As night fell, Sorger's mother began searching for Craig because he had not returned quickly as she had instructed. While searching, she visited Savoie's residence, where she found that Savoie and Eakin had already returned home, although Craig was no longer with them. She then called 9-1-1 and went to search the park, where she was joined by Savoie and his parents, and members of the Ephrata Police Department. A police officer soon discovered Sorger's dead body in a pile of leaves near a trail in the park.

When police questioned Savoie and Eakin that night, they claimed they had been climbing trees and playing tag in the park until around 4:30 pm, when they saw Sorger head home. They soon changed their stories and told police that they had seen Sorger fall from a tree. 

Police found no evidence that Sorger had fallen from a tree. The coroner also pointed out stab wounds on the body, most likely caused by a knife. Sorger's autopsy revealed that in addition to being beaten, he had been stabbed five times in the chest and torso and at least 34 times in the head and neck.

Trials
Although Savoie and Eakin both claimed innocence, they were charged with first-degree murder and tried as adults. In February 2005, The Washington Supreme Court upheld the decision to try the boys as adults by declining to hear the case. At twelve-years-old, they became the youngest murder defendants tried as adults in the state since 1931. Eakin confessed to his role in the killing in 2005, after spending 26 months in jail awaiting trial. He pleaded guilty to second-degree murder by complicity and agreed to testify as a witness against Savoie. Prosecutors agreed to request a relatively light sentence of eight years in prison in exchange for the guilty plea. Grant County Superior Court Judge Ken Jorgensen ruled that there were no mitigating factors to allow for such a sentence and instead gave Eakin a mid-range sentence of 14 years.

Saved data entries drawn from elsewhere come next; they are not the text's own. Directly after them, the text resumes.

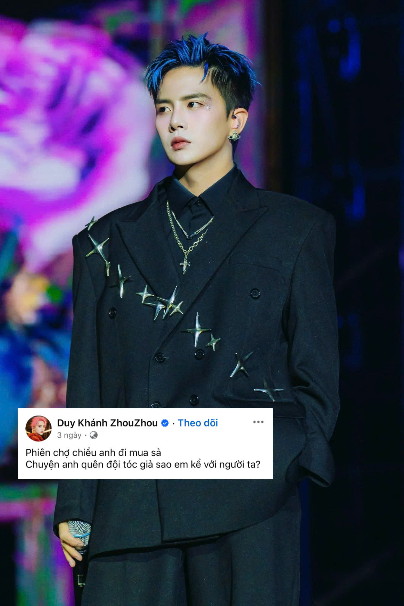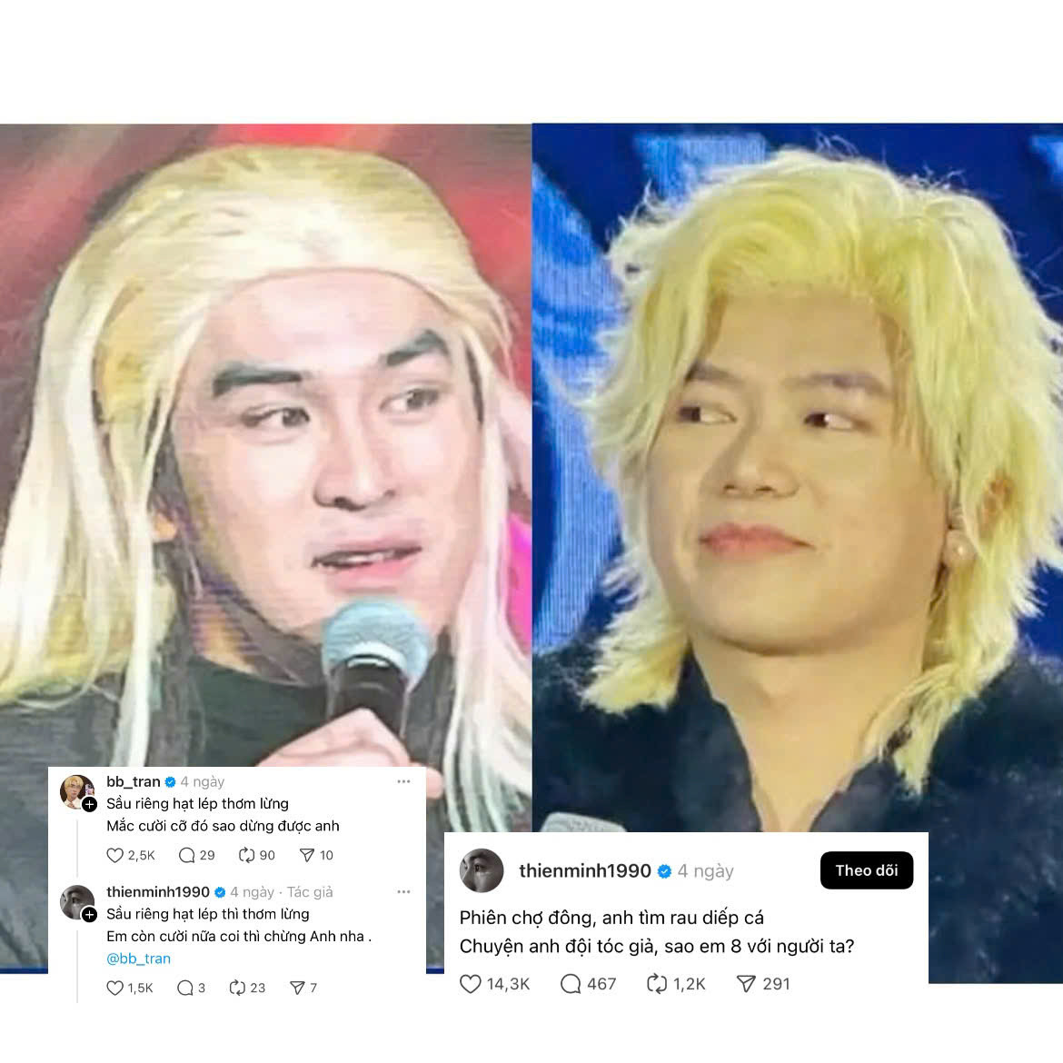 Bên cạnh đó, “kiếp nạn tóc giả” của dàn Anh tài tại concert Chông Gai cũng được các nam nghệ sĩ thể hiện hài hước qua trend này. Duy Khánh, Thiên Minh lần lượt “bóc phốt” mái tóc giả của chính mình, không quên gửi lời “cầu cứu” đến fan. Thiên Minh chia sẻ: "Phiên chợ đông, anh tìm rau diếp cá/Chuyện anh đội tóc giả, sao em tám với người ta".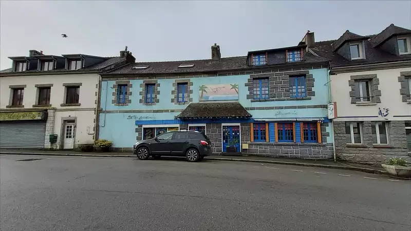 HUELGOAT. A VENDRE MUR ET FONDS. IMMEUBLE A USAGE DE COMMERCE ET HABITATION SITUE AU CENTRE D'HUELGOAT A PROXIMITE DU LAC ET DE LA FORET, COMPOSE: REZ DE CHAUSSEE: salle + bar de 80m² - sanitaires - cuisine - arrière cuisine - réserve à l'arrière du bar. 1er ETAGE: un ancien appartement à rénover (séjour - salle de bains - wc - réserve) + 3 pièces. 2ème ETAGE: 2 chambres - grenier.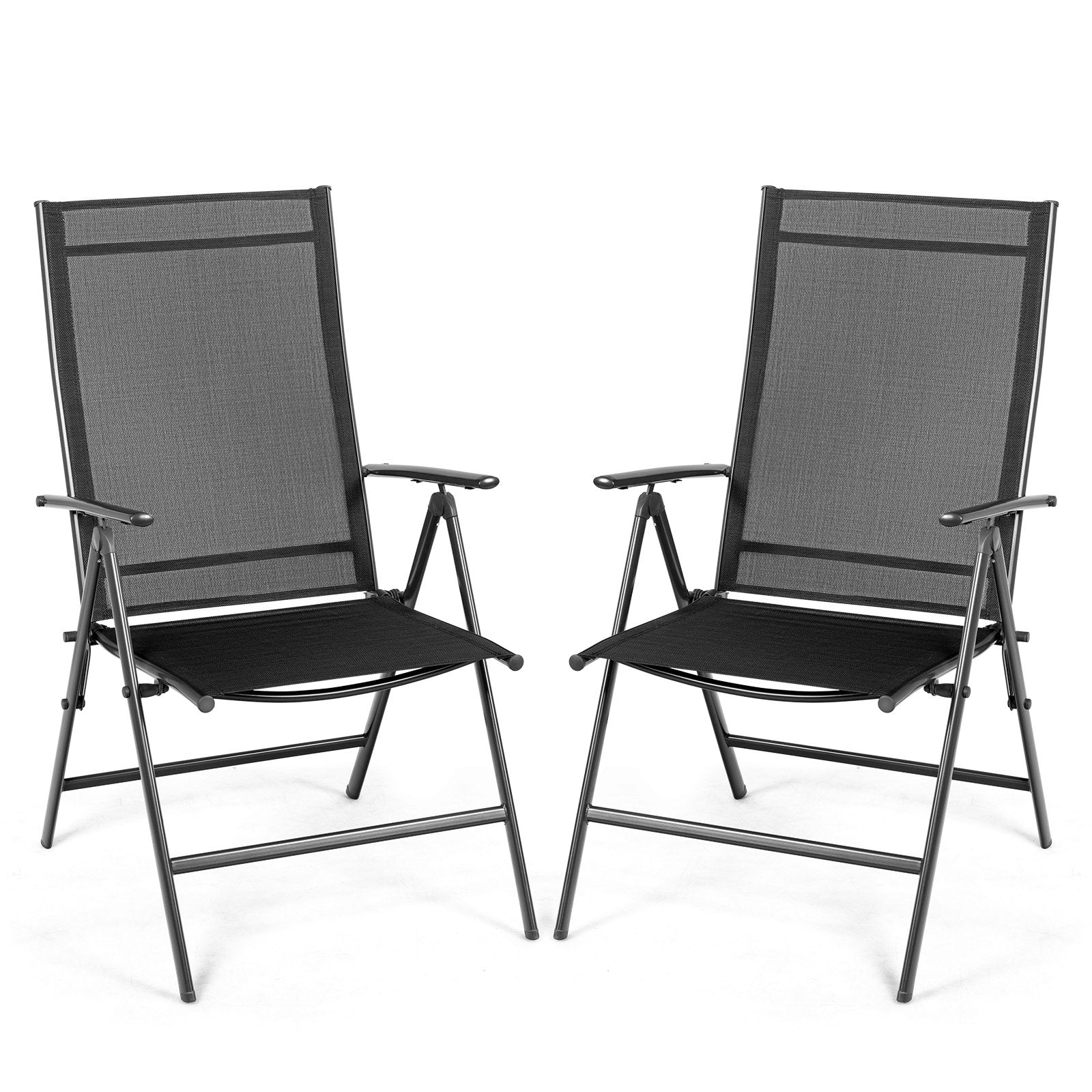 Set of 2 Adjustable Portable Patio Folding Dining Chair Recliners-Black

On April 29, 2006, Savoie was convicted of first-degree murder. He was sentenced to over 26 years in prison, the maximum sentence that could be imposed. In 2011, Savoie's conviction was overturned on appeal based on the trial judge's closure of parts of the trial to the public and his having appointed a lawyer for the victim's family who intervened in the trial. After prosecutors announced their intention to stage a second trial, Savoie pleaded guilty to second-degree murder. In March 2014, he was sentenced to 20 years in prison.

On June 12, 2016, Eakin escaped from work release while serving the final months of his sentence. He was recaptured by U.S. Marshals two days later in Rapid City, South Dakota. He was returned to custody and his sentence was extended due to his escape attempt. Eakin has since been released and is now an anti-abortion activist in Eastern Washington. Savoie was incarcerated in the Airway Heights Corrections Center, and released in June 2020. He married in October 2022.

See also
List of solved missing person cases

References

Further reading

External links 
60 Minutes II interview with Savoie and Eakin

2003 in Washington (state)
2003 murders in the United States
Deaths by beating in the United States
Deaths by person in Washington (state)
Deaths by stabbing in the United States
February 2003 events in the United States
Incidents of violence against boys
Male murder victims
Murder committed by minors
Murdered American children
People murdered in Washington (state)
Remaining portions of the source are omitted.